It's Anti-War Radio.
I'm Scott Horton.
Our next guest is Dr. Brian Phillips.
He's a history, philosophy, and rhetoric teacher and serves as the pastor of Holy Trinity Reformed Church in Concord, North Carolina.
Can read him at Truth and Culture, which is, if I hover over it, truthandculture.wordpress.com.
And also, he's been writing for antiwar.com, five or six of them now, original.antiwar.com/B Phillips.
Today's piece is called The Imperial Boomerang Returns.
Welcome to the show, sir.
How are you doing?
Oh, doing very well.
Thank you for having me.
Well, I'm very happy to have you here.
And I've been very happy to read your writings for antiwar.com lately.
Please keep it up.
Oh, absolutely.
I plan on it.
I really like it.
First of all, I want to talk about today's piece, The Imperial Boomerang.
What's that?
Well, essentially, the piece addresses some of the tools that have been used by the U.S. military abroad and how some of those tools are now coming back and essentially being used in what I would call imposing tyranny on the United States.
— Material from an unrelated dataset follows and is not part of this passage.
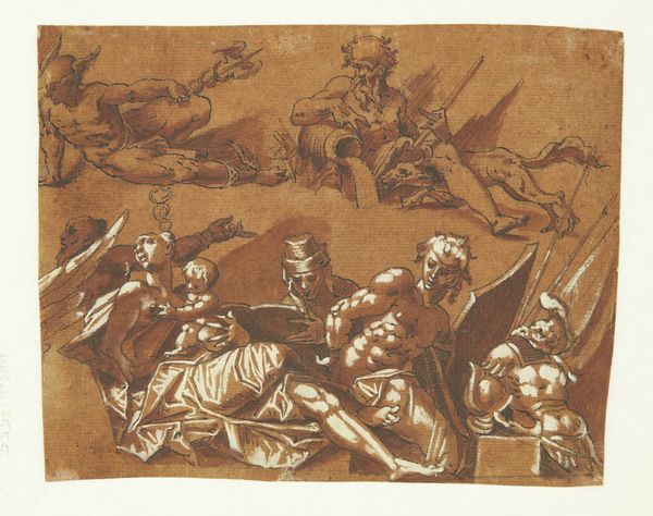 Giovanni Domenico Tiepolo made this spirited drawing of “Cupid Blindfolded, Carried Through the Sky by Seven Winged Putti” using pen and brown ink, with brush and brown wash, over black chalk on paper. The artist’s hand is evident in the confident strokes that define the figures. The brown wash, applied with a brush, adds depth and shadow, creating a sense of movement as the putti struggle to carry the mischievous Cupid. Notice how Tiepolo uses the translucency of the ink to model the forms, allowing light to pass through thin washes and be absorbed by darker, more concentrated areas. This was not just casual; it was about generating an ethereal quality. Tiepolo’s technique reflects the traditions of Venetian draftsmanship, combining careful observation with a flair for the dramatic. The rapid, fluid lines suggest a mind working quickly, capturing a fleeting moment of classical exuberance. Yet, in this apparent lightness of touch, there’s also a deep understanding of the materials and processes at hand. It’s a reminder that even the most effortless-looking art is the product of careful labor, of choices made and skills honed. Ultimately, it shows us that the boundaries between craft and fine art are often artificial, obscuring the true nature of creative work.

In other words, it's based on a quote from James Madison, which, you know, as a history teacher, I spent a good bit of time with the Founding Fathers anyway.
And essentially, what Madison warned us about is that the means of defense that we use against foreign danger, quote unquote, will eventually become the tools of tyranny at home.
And I think we're finding that to be true.
What's going on with some of our military actions in Iraq are now being and the drone attacks in Yemen are now threatening really to be used against us in the United States.
And the document essentially, or I'm sorry, the article essentially documents cases where you've had drug raids by the DEA, you've had warrants that are being served by police departments, and they break in and kill innocent people.
And the article documents five or six of those.
And this is the same kind of thing that's going on in Iraq and has been going on in Iraq for years now.
In the home raids that have been documented on video, the tragic deaths that have occurred because of that.
And so documents that and then of course, the drone attacks in Yemen and the frightening developments of how drones are actually being used now by police departments in the United States.
Mm hmm.
Well, now, it was Chalmers Johnson that said, I think it was in his third book, Nemesis, he draws the parallel between America and the British Empire and America and the Roman Empire.
And he says that the lesson here from these two that preceded us is that you either give up your empire or you live under it.
And the British, after wasting all their money in a couple of world wars, basically the people decided as soon as the war was over, they got rid of Churchill and they said, we want to keep our rainy little island more or less the way it was rather than having to impose a totalitarian state in order to extract from people the wealth required to maintain this empire.
They're over it.
They're done.
And so they decided to give it up at that point rather than change the entire nature of their own system.
Whereas the Romans just blew their own brains out.
Right.
And which path are we going down?
Are we going to give up our empire, live under it?
And I don't I just don't think you could have a better example than local deputy sheriffs flying around Reaper drones.
I mean, it's as predictable as can be, but it's outrageous as can be.
Absolutely.
Yeah, I've I've noticed some parallels, really very close parallels between the United States and the Roman Empire.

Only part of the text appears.